While only about 18% of the working population is covered under the National Social Security Fund (NSSF), the UTGLAWU has encountered situations where social security contributions were being “channeled differently” by employers – instead of remitting the amount, employers “set it aside as a special fund to bail themselves out in case the factory goes down.” 

Meanwhile, according to the union, workers are earning less than a dollar a day. Following decades of inaction on implementing an effective minimum wage, Uganda’s parliament passed the Minimum Wage Bill in 2019, based on a directive from the International Labor Organization (ILO). However, President Yoweri Museveni ultimately refused to sign the legislation into force. 

Irene said further, “Workers are unable to afford the basics of life. For instance, most workers are staying in indecent housing, mostly in slum areas far away and they have to travel long distances just to reach the workplace. And with these hard economic times, workers cannot afford a decent meal a day, or even healthcare.” 

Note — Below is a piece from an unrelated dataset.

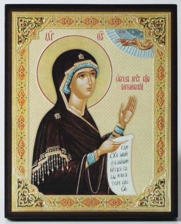 Икона на деревянном планшете 6х9 двойное тиснение, аннотация, упаковка Всецарица 2
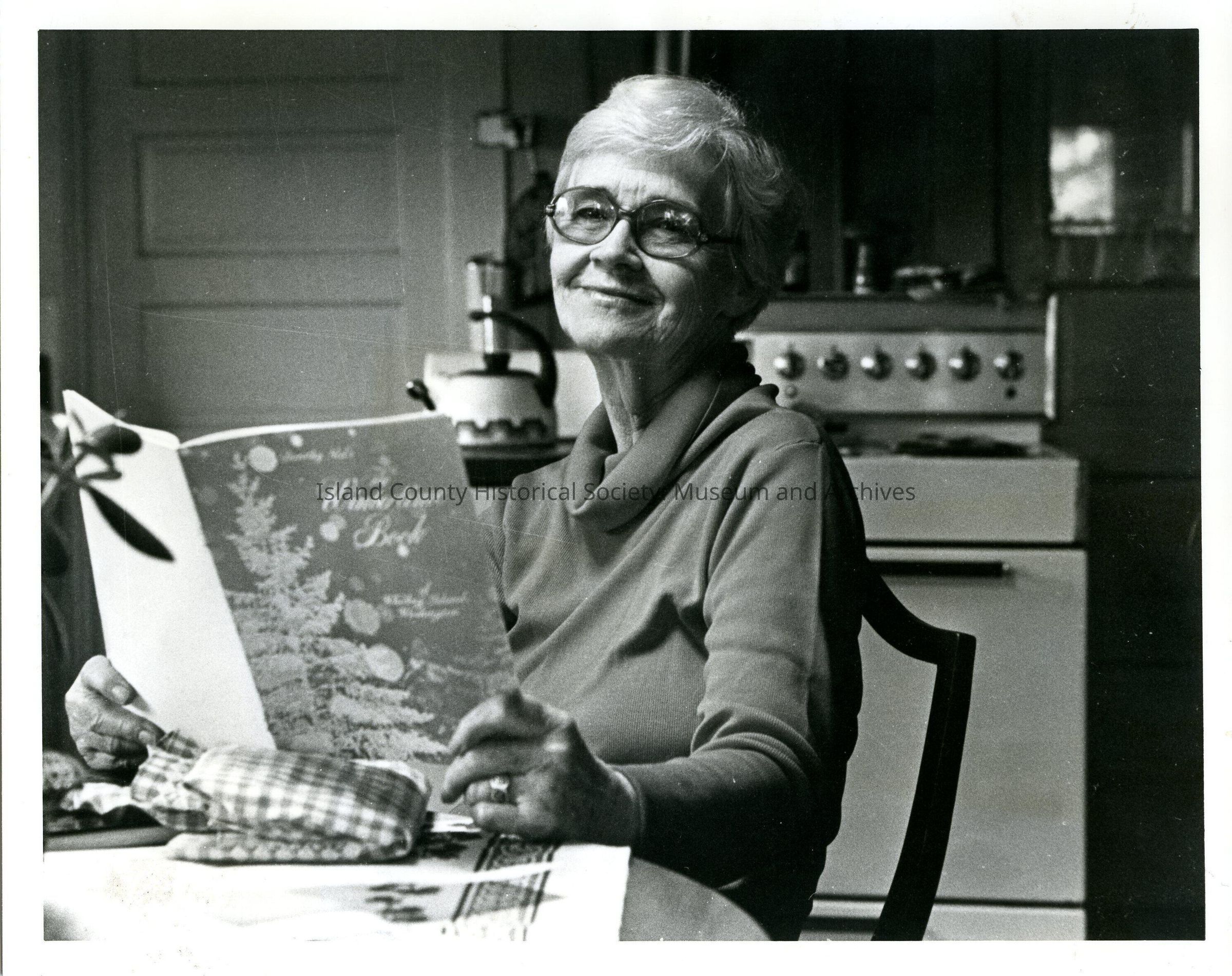 A black and white photo of a woman reading a book at a table. The woman has short light hair and is wearing glasses.

The union has also noted that most facilities do not provide identification for workers,  who are largely contractual and employed only for a certain period of time before being laid off. 

Challenges to unionization

To even be able to learn of these violations has been a difficult task, given that some factories are heavily guarded and lack of access to workers remains a key obstacle to union organizing. 

“The workers themselves fear that there will be retaliation…Most times when the union has recruited workers and a submission to the workplace [management] has been made, it has resulted in workers being fired.” 

“Some garment production lines have been kept secluded for us, so even if we have been able to unionize other production lines, the garment sector has been a challenge,” Irene said. Industries operating in the sector include those producing finished products for exports to the US and Europe but also companies exporting to other countries in Africa, including the DRC and South Sudan, while some are purely focused on producing cotton lint

While the textile industry in Uganda has been restricted to a few basic items of clothing, the country has become a market for secondhand clothing coming in from the west, which is also often cheaper and considered more “trendy” or “stylish” — “this is also choking the industry in the country”.  

Imbalances in imports and exports, or broadly in trade, are also visible, for instance, in Uganda’s agreement with the US under the African Growth and Opportunity Act (AGOA). While the promise was that the projects under the agreement would provide employment opportunities while exporting finished products to the US under favorable conditions, some of the major products exported from Uganda to the US remain coffee, tea, and spices. 

Not only that, working conditions were highly exploitative, as became apparent in the case of the “AGOA girls”.  

In a country where youth unemployment has remained a persistent issue, these conditions have led to many leaving the country to seek employment abroad, while others have gravitated towards SMEs, including electrical shops, grocery shops, and salons.

However, “at the end of the day, these SMEs also face challenges because of exorbitant taxes and rents. Small businesses are closing down, and these are businesses of young people and women, including single mothers, who are then forced to go back home because they cannot afford to pay rent,” Irene said. 

“Inflation is affecting many livelihoods, especially of workers who do not even receive their already little salary on time. During the COVID-19 lockdown, high oil prices led the cost of transportation to nearly double. It became a major challenge for most workers to commute from one point to the next. It still remains difficult for workers to afford these costs.” 

“Creating jobs without really looking at the conditions of the jobs that are in place .. it is a violation of human rights. It is high time that the government wakes up to the issue of labor, and stops applauding investors for creating indecent jobs,” Irene added.